General placement of sensors, no personal data storage, stream data, sensor systems in solitude.

These are some of the factors we might look for in our projects. Help improve their knowledge base of these factors.

SERIOUS GAMES IS ACTUALLY A CONCEPT Serious games are games whose primary objective is NOT fun or entertainment, rather learning, practicing a skill or a primary purpose. Eg a therapy game for a children's rehab centre Our primary purpose/objective is privacy and security ethical data The first concept, "Who's Sherlock" is a Q and A game that lets its players experience how easy it is to find information about oneself and others on the internet, and how sensitive this kind of information can be in different contexts.

The second game concept, "Privacy Rush", illustrates the moment when an individual wants to connect with a public wifi system and seeks to inform them prior to when they actually use the insecure connection, about the privacy risks.

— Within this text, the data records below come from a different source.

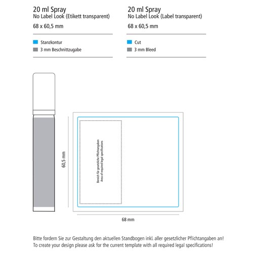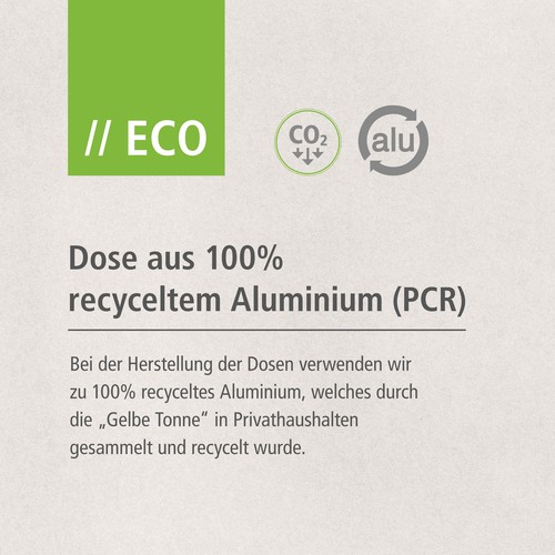 20 ml aluminum can made from 100% recycled aluminium, brushed, with transparent spray head and transparent protective cap. To produce the sprays we only use recycled aluminum for the cans and PP for the caps collected in private housholds and recycled by using the local waste separation system.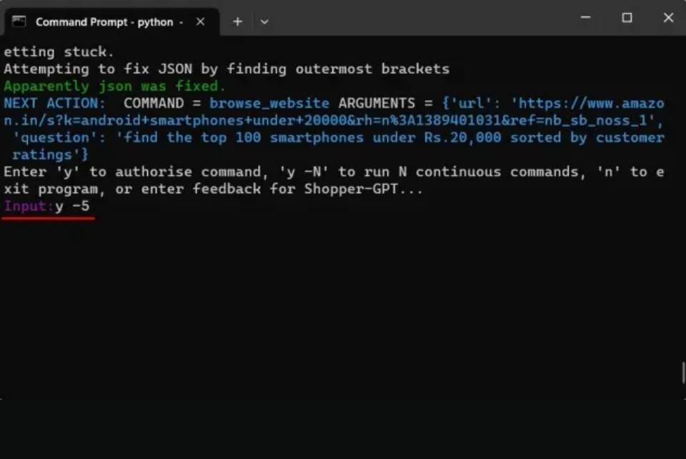 Here you need to provide the AI name, role and goal that it needs to accomplish for you. For command, let’s say android smartphones under 20,000. Entering “y -5” will set it to run for the following five steps without further confirmation from you, which is useful if you want to let it run in the background while you do other things. Use the Ctrl C key combination to cancel the process.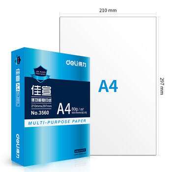 得力(deli)佳宣复印纸3561a4打印纸a4纸加厚打印白纸80g办公用纸草稿纸绘画纸A4纸5包(整箱2500张)
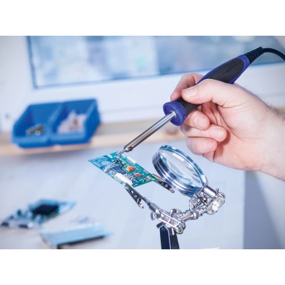 A LUX-TOOLS ívelt heggyel rendelkező forrasztópáka kiválóan használható a mikroelektronikában, például nyomtatott áramköri lapok forrasztásához. Teljesítménye 15 W, maximális hőmérséklete 360 "C. Rövid, kb. 2,7 perces felfűtési idejének köszönhetően néhány percen belül használatra kész.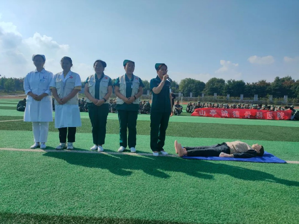 為確保山亭區(qū)職業(yè)中專2022級學生軍訓(xùn)能夠安全、順利、圓滿完成。山亭誠德骨科醫(yī)院受邀作為醫(yī)療保障單位,全程為學校師生保駕護航,并開展了現(xiàn)場急救技能培訓(xùn),為師生安全提供了強有力的保障。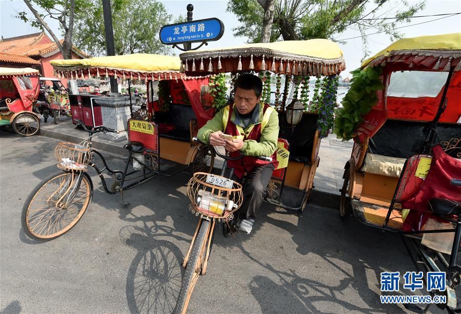 许世杰在开封市龙亭景区附近“趴活”(4月26日摄)。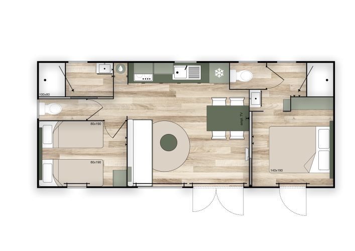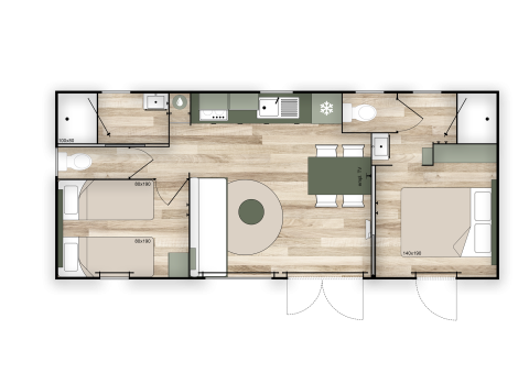 Ontspan in een ruime en moderne premium vakantiewoning van 35 m², helemaal ingericht voor jouw comfort en rust. Geniet van twee slaapkamers, twee badkamers en omkeerbare airco – perfect in elk seizoen. Beleef het buitengevoel op een groot, deels overdekt XL-terras dat als een extra leefruimte aanvoelt. Relax in de lichtrijke leefruimte met televisie en verwarming, en kook zorgeloos in de volledig uitgeruste keuken met vaatwasser, koelkast met diepvriesvak, microgolf, koffiezet, waterkoker en broodrooster. Slaap zalig in een tweepersoonsbed van 160 cm of twee enkele bedden van 80 cm, waarvan er één geschikt is als kinderbedje. Twee moderne badkamers met handdoekdroger, haardroger en een apart toilet maken alles compleet. Huisdieren zijn niet toegelaten.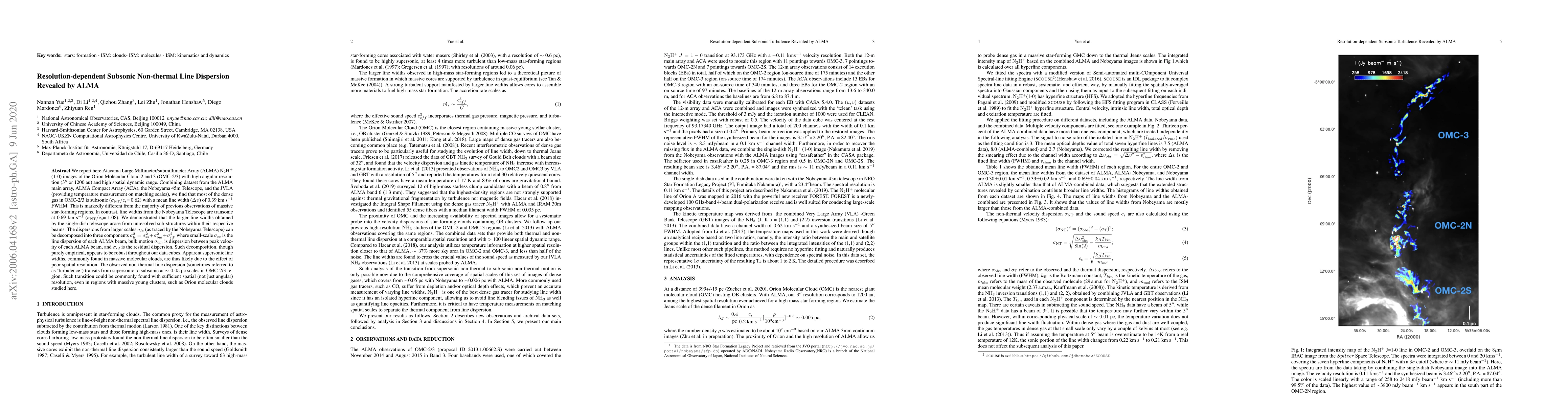 We report here Atacama Large Millimeter/submillimeter Array (ALMA) N$_2$H$^+$ (1-0) images of the Orion Molecular Cloud 2 and 3 (OMC-2/3) with high angular resolution (3'' or 1200 au) and high spatial dynamic range. Combining dataset from the ALMA main array, ALMA Compact Array (ACA), the Nobeyama 45m Telescope, and the JVLA (providing temperature measurement on matching scales), we find that most of the dense gas in OMC-2/3 is subsonic ($\rm \sigma_{NT}/c_{s}$ = 0.62) with a mean line width ($\Delta\upsilon$) of 0.39 km s$^{-1}$ FWHM. This is markedly different from the majority of previous observations of massive star-forming regions. In contrast, line widths from the Nobeyama Telescope are transonic at 0.69 km s$^{-1}$ ($\rm \sigma_{NT}/c_{s}$ = 1.08). We demonstrated that the larger line widths obtained by the single-dish telescope arose from unresolved sub-structures within their respective beams. The dispersions from larger scales $\sigma_{ls}$ (as traced by the Nobeyama Telescope) can be decomposed into three components $\rm \sigma_{ls}^2 = \sigma_{ss}^2+ \sigma_{bm}^2+ \sigma_{rd}^2$, where small-scale $\sigma_{ss}$ is the line dispersion of each ALMA beam, bulk motion $\sigma_{bm}$ is dispersion between peak velocity of each ALMA beam, and $\sigma_{rd}$ is the residual dispersion. Such decomposition, though purely empirical, appears to be robust throughout our data cubes. Apparent supersonic line widths, commonly found in massive molecular clouds, are thus likely due to the effect of poor spatial resolution. The observed non-thermal line dispersion (sometimes referred to as 'turbulence') transits from supersonic to subsonic at $\sim 0.05$ pc scales in OMC-2/3 region. Such transition could be commonly found with sufficient spatial (not just angular) resolution, even in regions with massive young clusters, such as Orion molecular clouds studied here.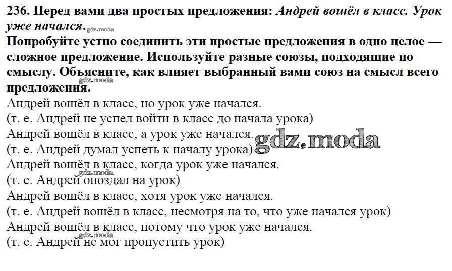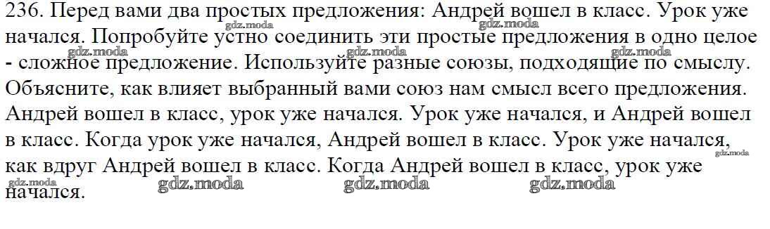 ОТВЕТ на задание № 236 Учебник по Русскому языку 5 класс Баранов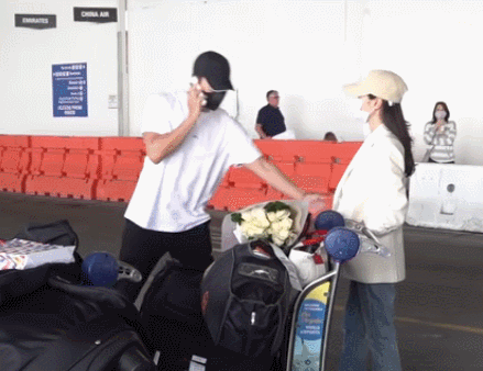 他俩出国蜜月时,在机场是分开走的,回韩国时终于在一起了,是路人拄着拐棍也要停下来围观的程度。

The third game concept is a card game: "Data Trade" addresses the complexity of today's data economy by demonstrating, from the perspective of a day trader, how different data sets can be combined, leading to a higher price on data markets because they generate more information about individuals. Do you know what they are talking about? They are talking about inference: just as an example, multiple pieces of anonymous data might be re-identified to re-identify individuals. Based on the combination of insignificant data, we can achieve significance. For example, in our extension we anticipate visualizing their site data across different websites to show the sum total.

The fourth game concept, "Nothing to hide", lets the game players experience that the "nothing to hide" argument is wrong. If anyone can find more information about this game concept then let us know, because I want to know specifically what they did.

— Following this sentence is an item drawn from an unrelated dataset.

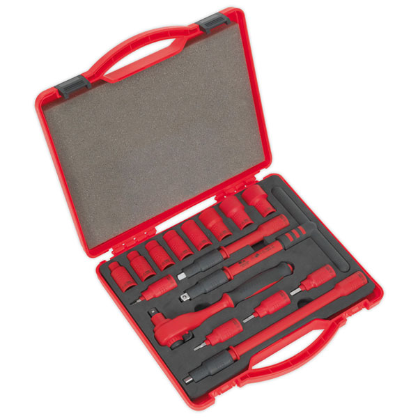 Hardened and tempered Chrome Vanadium steel sockets and accessories. Chrome plated for resistance to corrosion. Each component is fully insulated to VDE and EN 60900 standards to protect from electric shocks up to 1500V DC and 1000V AC. Ideal for technicians working on modern hybrid and electrical vehicles (1500V DC safe live working). Also suitable for electricians and carpenters (1000V AC safe live working). Supplied in storage case.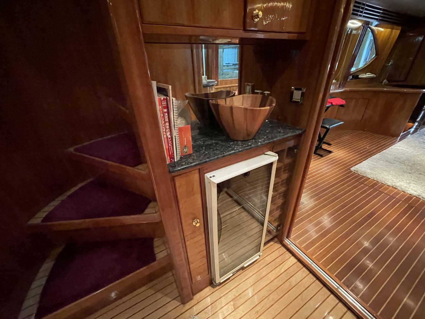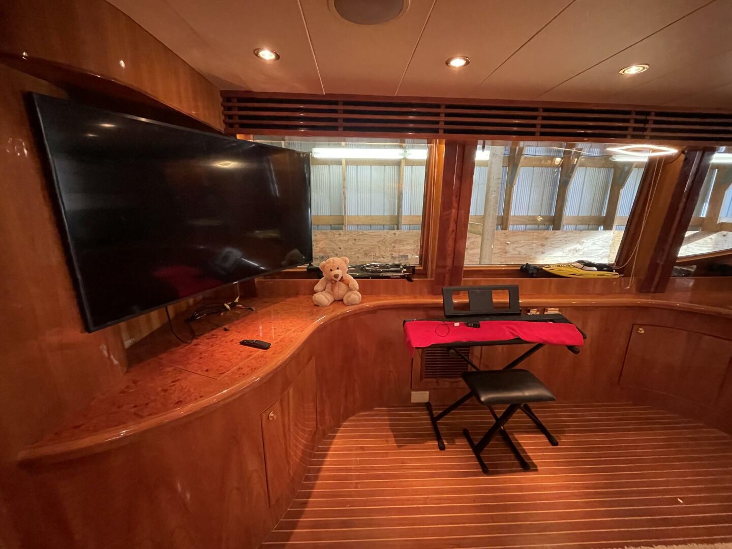 - Flybridge skylounge with L-settee, helm seat & wet bar

The fifth game concept, "Smart City", is a simulation game targeting political decision makers who are responsible for urban development decisions. At the end of his or her legislative term, the player (who takes the perspective of a city mayor making political decisions) will be measured pursuant to the future scenarios simulated in the game.

The sixth game concept, "Pieces of Data", seeks to teach its players how to manage third-party access rights, i.e. by app providers, to their smartphones. "Taking the perspective of an activist in a state that is becoming more and more repressive, the players learn how data collected by their smartphones can harm them, and even other parties - and how to protect themselves against such threats.". Apparently this game won! We could make a similar game, which would be hilarious!

Our goal

According to the Kaggle survey of 2017,

Branching

data availability and quality remains among the top barriers for professionals in the field. We want to make the ethics of data collection more accessible to the end user.